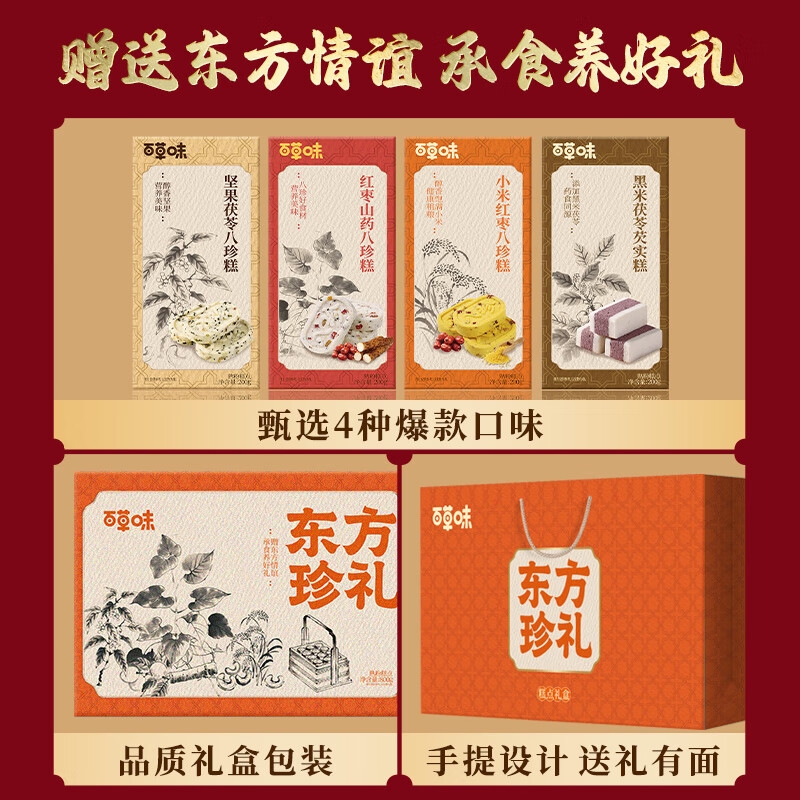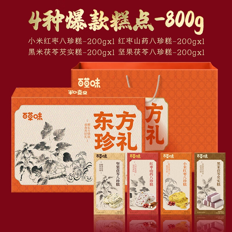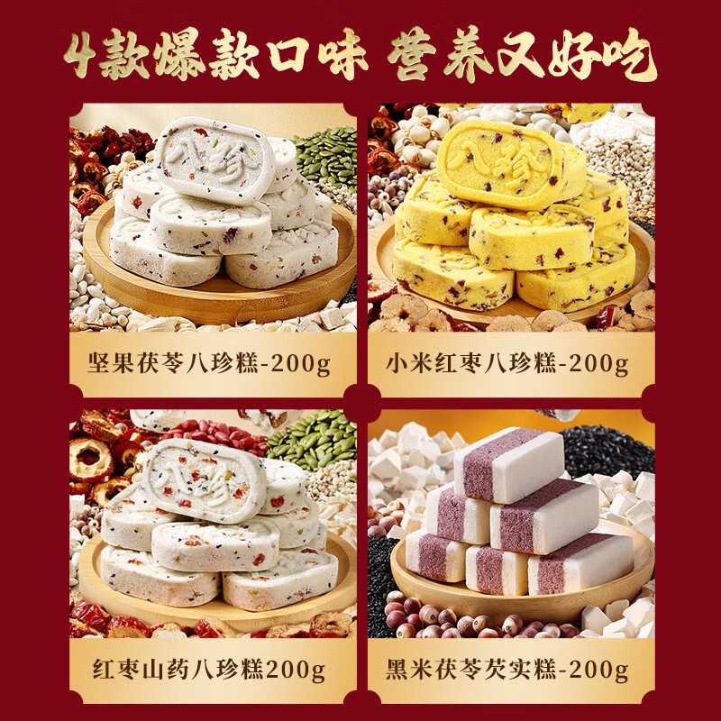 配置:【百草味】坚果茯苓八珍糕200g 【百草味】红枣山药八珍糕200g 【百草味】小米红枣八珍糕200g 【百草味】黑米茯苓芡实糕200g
...
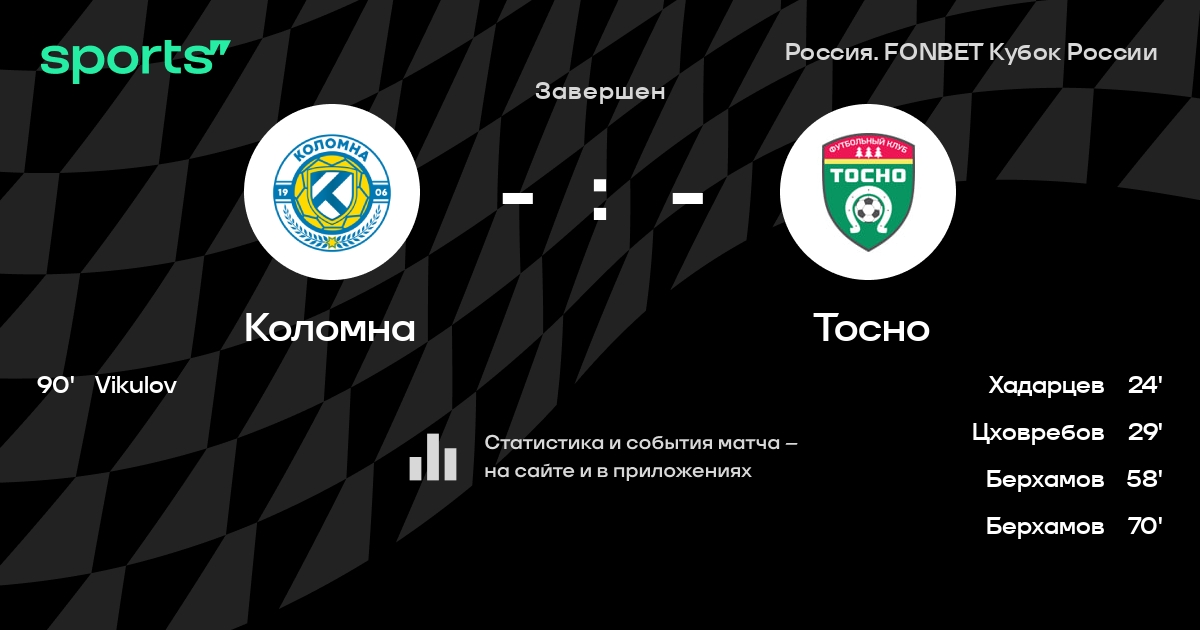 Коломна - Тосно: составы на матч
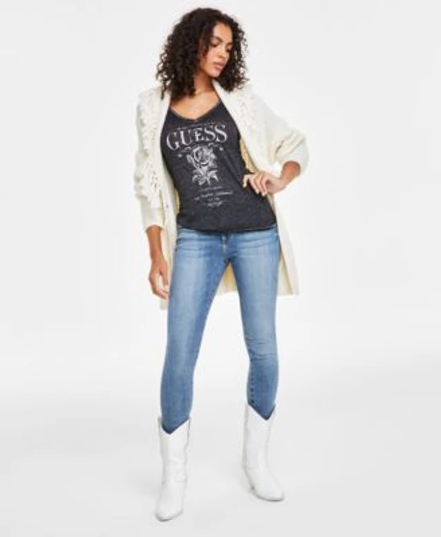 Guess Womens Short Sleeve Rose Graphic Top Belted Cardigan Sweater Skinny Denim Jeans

:: Problem requirements ::
The lines above from the line with "Коломна - Тосно: составы на матч" through the line with "Guess Womens Short" are to be given again word for word, with no pictures among them.

:: Written response ::
 Коломна - Тосно: составы на матч
 Guess Womens Short Sleeve Rose Graphic Top Belted Cardigan Sweater Skinny Denim Jeans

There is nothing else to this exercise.